Your assignment
Word for word, reproduce the listing that follows, excluding any pictures it contains.

Source data
- - - -
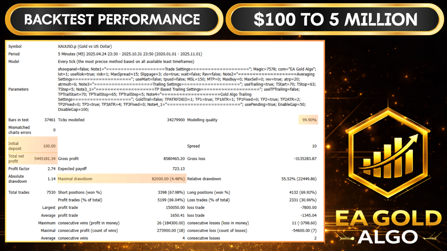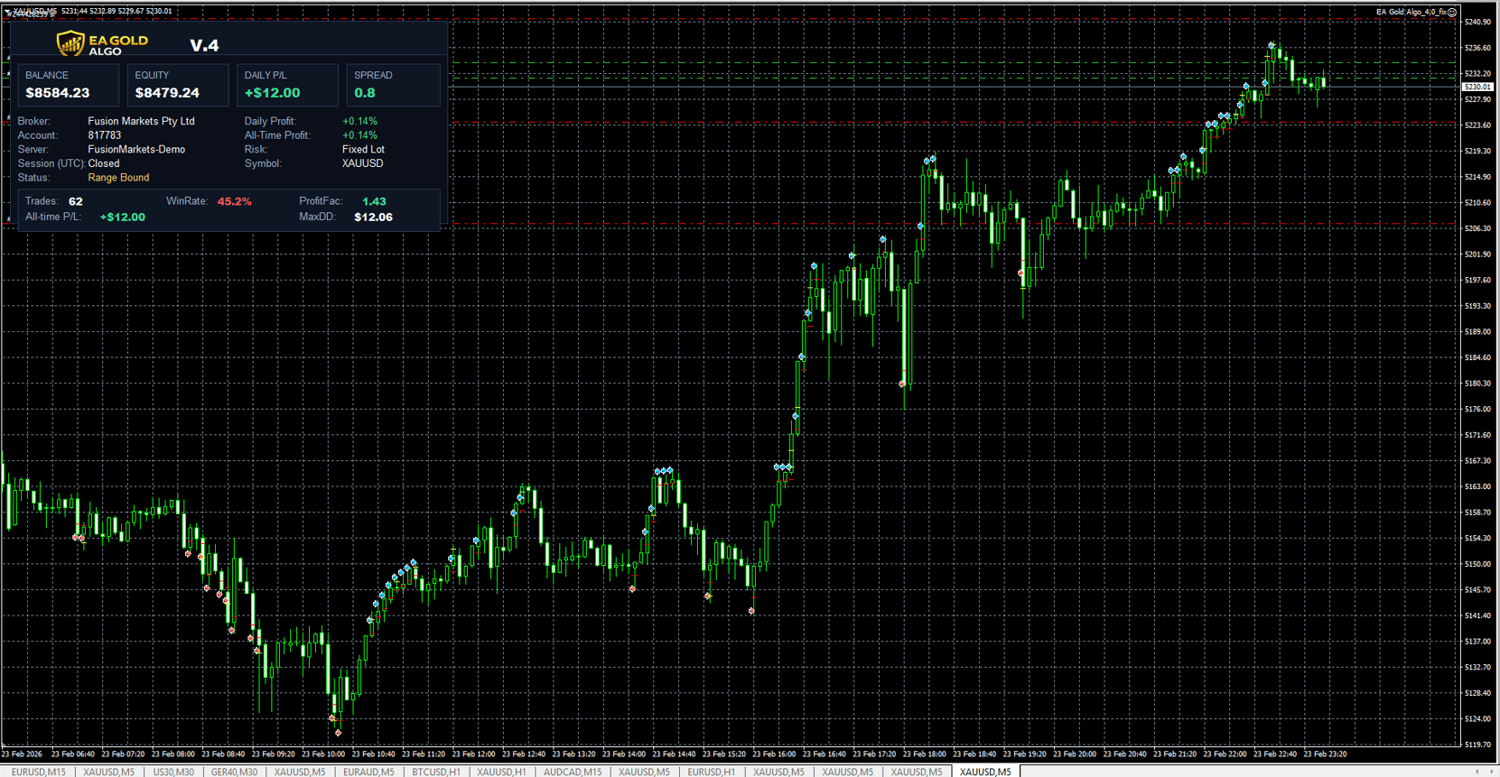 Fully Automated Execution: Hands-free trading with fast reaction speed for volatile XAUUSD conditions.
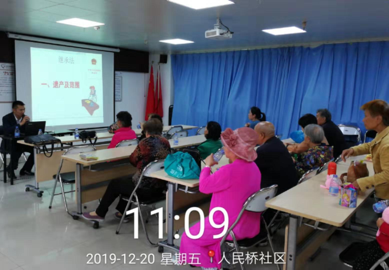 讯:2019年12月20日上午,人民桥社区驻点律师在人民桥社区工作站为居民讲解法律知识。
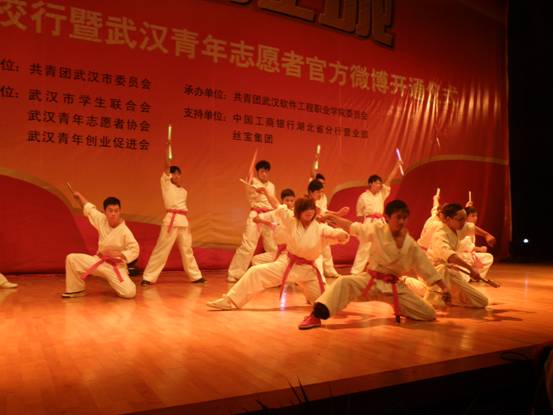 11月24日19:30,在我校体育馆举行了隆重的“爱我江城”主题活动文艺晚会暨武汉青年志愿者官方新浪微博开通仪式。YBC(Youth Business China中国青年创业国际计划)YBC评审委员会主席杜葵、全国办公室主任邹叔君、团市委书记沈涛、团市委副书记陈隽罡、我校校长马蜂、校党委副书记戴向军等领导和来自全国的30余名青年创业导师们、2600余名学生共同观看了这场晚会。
- - - -
The completed task
 Fully Automated Execution: Hands-free trading with fast reaction speed for volatile XAUUSD conditions.
 讯:2019年12月20日上午,人民桥社区驻点律师在人民桥社区工作站为居民讲解法律知识。
 11月24日19:30,在我校体育馆举行了隆重的“爱我江城”主题活动文艺晚会暨武汉青年志愿者官方新浪微博开通仪式。YBC(Youth Business China中国青年创业国际计划)YBC评审委员会主席杜葵、全国办公室主任邹叔君、团市委书记沈涛、团市委副书记陈隽罡、我校校长马蜂、校党委副书记戴向军等领导和来自全国的30余名青年创业导师们、2600余名学生共同观看了这场晚会。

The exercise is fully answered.